É certo que já não me devia acontecer, mas ainda
consigo sentir alguma perplexidade com algumas intervenções de figuras públicas.
O Presidente da República afirmou hoje, ao que
parece sem se rir, é um homem que talvez não saiba rir, que o país tem que
"ultrapassar estigmas" e voltar a olhar para sectores que esqueceu
nas últimas décadas, o mar, a agricultura e a indústria. É espantoso.
Não, nós não "esquecemos" o mar, a
agricultura e a indústria. A nossa relação com estes sectores não foi de
esquecimento foi de destruição. E foram destruídos, ou quase, sob a
responsabilidade das políticas e modelos de desenvolvimento, de que Cavaco
Silva foi um longo actor principal, entre outros, naturalmente.

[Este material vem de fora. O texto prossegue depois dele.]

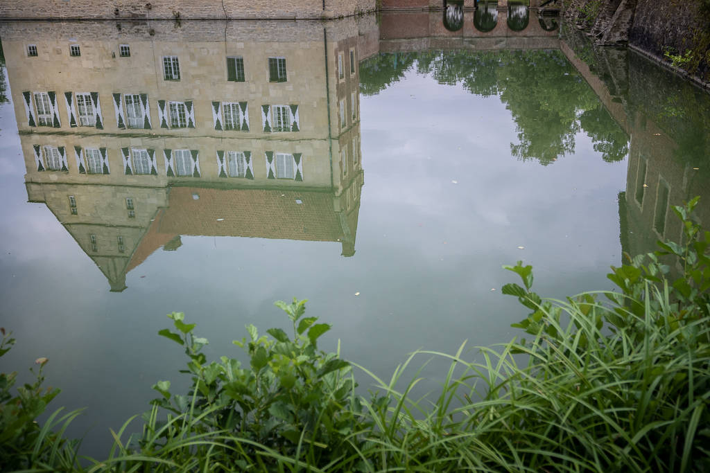 Ein Rasentraktorfahrer stutzt die Wiesen ums Wasserschloss. Einige Radfahrer führt es trotz des Nieselwetters durch den gepflegten Landschaftspark. Angekommen am schmucken Herrenhaus der Renaissanceanlage, erklärt ihnen der Burgherr persönlich dann allerdings, dass Museum und Gastronomie dienstags leider geschlossen hätten. Burgherr trifft es nicht wirklich. Dieser offen-freundliche Mann ist kein Adliger, sondern Gründungsdirektor und künstlerischer Leiter des Center for Literature.

Estes sectores
de actividade foram quase destruídos em nome de políticas que criteriosamente
algumas décadas de centrão foram executando.

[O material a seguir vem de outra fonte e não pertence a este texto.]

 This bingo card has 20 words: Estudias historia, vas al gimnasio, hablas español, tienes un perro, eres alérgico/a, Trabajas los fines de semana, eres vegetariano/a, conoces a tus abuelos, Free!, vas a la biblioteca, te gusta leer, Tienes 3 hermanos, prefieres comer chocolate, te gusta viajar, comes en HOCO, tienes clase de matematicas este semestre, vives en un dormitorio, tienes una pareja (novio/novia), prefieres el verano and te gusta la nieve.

À boleia da destruição da agricultura, pesca e
indústria, da betonização do país, de modelos de construção selvagem que
destruíram cidades e litoral, de uma oferta turística massificada e
frequentemente sem qualidade, hipotecámos o futuro.
É patético este exercício que muita gente que
ocupou responsabilidades políticas relevantes e durante períodos de tempo
significativos, procura fazer, colocando-se como espectadores distantes e
críticos do que foram as decisões políticas de que foram altos responsáveis e,
sobretudo, dos seus efeitos, por vezes devastadores.

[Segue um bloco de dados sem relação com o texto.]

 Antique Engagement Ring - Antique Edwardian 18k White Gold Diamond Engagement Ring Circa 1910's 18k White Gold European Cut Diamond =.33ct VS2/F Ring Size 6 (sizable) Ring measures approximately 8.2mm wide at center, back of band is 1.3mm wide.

O que é grave é que esta cegueira intelectual e a
atitude infantil e ingénua traduzida "eu não estava lá", é frequente,
não temos uma cultura de responsabilização das lideranças, quer nas atitudes e
discursos individuais em que podemos assumir com humildade e seriedade o erro,
a má decisão ou opção, quer em termos colectivos, em que a memória parece curta
insistindo em modelos, ideias e pessoas que sendo parte do problema
dificilmente podem ser parte da solução.